You recently supported Phoenix at a couple of large venues in Sydney and Melbourne, how’d these shows go?
They were great! I mean, we’ve played with a few bands in the past and we’ve found that people don’t go for the supports really. They go there to see the main act, but all ages audiences seem to get there earlier so we had a massive crowd at those gigs which always helps the vibe, you know.
What were those guys like to hang out with?
Really polite and very approachable, gentle dudes. Really nice. No bullshit, just decent human beings.
You also supported Hot Chip a little while ago. What were they like?

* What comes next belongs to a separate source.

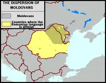 Selon les définitions ethnographiques (qui se réfèrent au droit du sang) prises en compte par les recensements roumains[14], moldaves[15] et ukrainiens[16] les Moldaves sont la partie de la population roumanophone[17] vivant ou étant originaire de la région historique de Moldavie, habitant principalement en Roumanie (dans la région roumaine de Moldavie), en république de Moldavie (où ils constituent le principal groupe linguistique), ainsi qu'en Ukraine et en Russie (en tant que minorités).
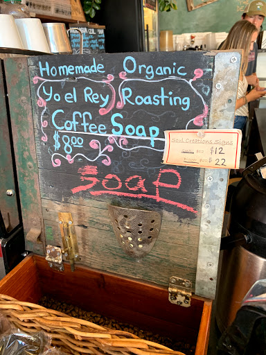 good fair trade organic coffee and good service at a reasonable price for a resort town location; front sidewalk seating while the coffee roaster operates.

Kind of the same, just down to earth. I think the bands that we actually like ourselves are pretty normal people. There aren’t really any egos. It’s not as though they have to join a band and be some sort of character, an extroverted freak or weirdo. I think the artists which have had to work quite hard to get to where they are now are pretty normal. That’s not to say that the younger bands aren’t the same, but I think some of them are in it for reasons other than pure music making.
It must be inspiring to meet your heroes with that sort of attitude towards music.
Definitely! Years ago we supported Primal Scream and they have a reputation to be party monsters and felt a bit intimidated meeting them at first because we thought they might be kind of ‘laddy’ dudes but they were just really sweet and gentle people.
What was it like working with DFA co-founder Tim Goldsworthy on your debut record?
It was great! It was a dream come true. The best part of it for me was visiting Massive Studios. In my teenage years I used to obsess about Massive Attack and never thought in my wildest dreams I’d meet them and record an album in their studio. That was a bucket list tick really, it was totally amazing.
Next month you’re supporting Architecture In Helsinki. Do you have any favourite tracks of theirs you’d like to share with us?
I suppose you could say we’ve collaborated with them on one of their tracks. At Valley Fiesta in Brisbane, there was a typhoon and a really bad storm and the whole festival got rained out. They’ve never cancelled a show before so they got us and everyone who was backstage to practice an a capella version of one of their songs. They had about 30 people out the front of the stage performing to people in the rain with trombones and percussion for ‘Dream A Little Crazy’.
Are you heading back into the studio this year for album number two?
We already have. I mean, we’re wishful thinkers and it seems natural for a band to put together an album each year. Don’t hold us to that though. We’re slowing down on gigs for the next few months and we’ve got our own underground studio in Carlton so we’re doing this one ourselves.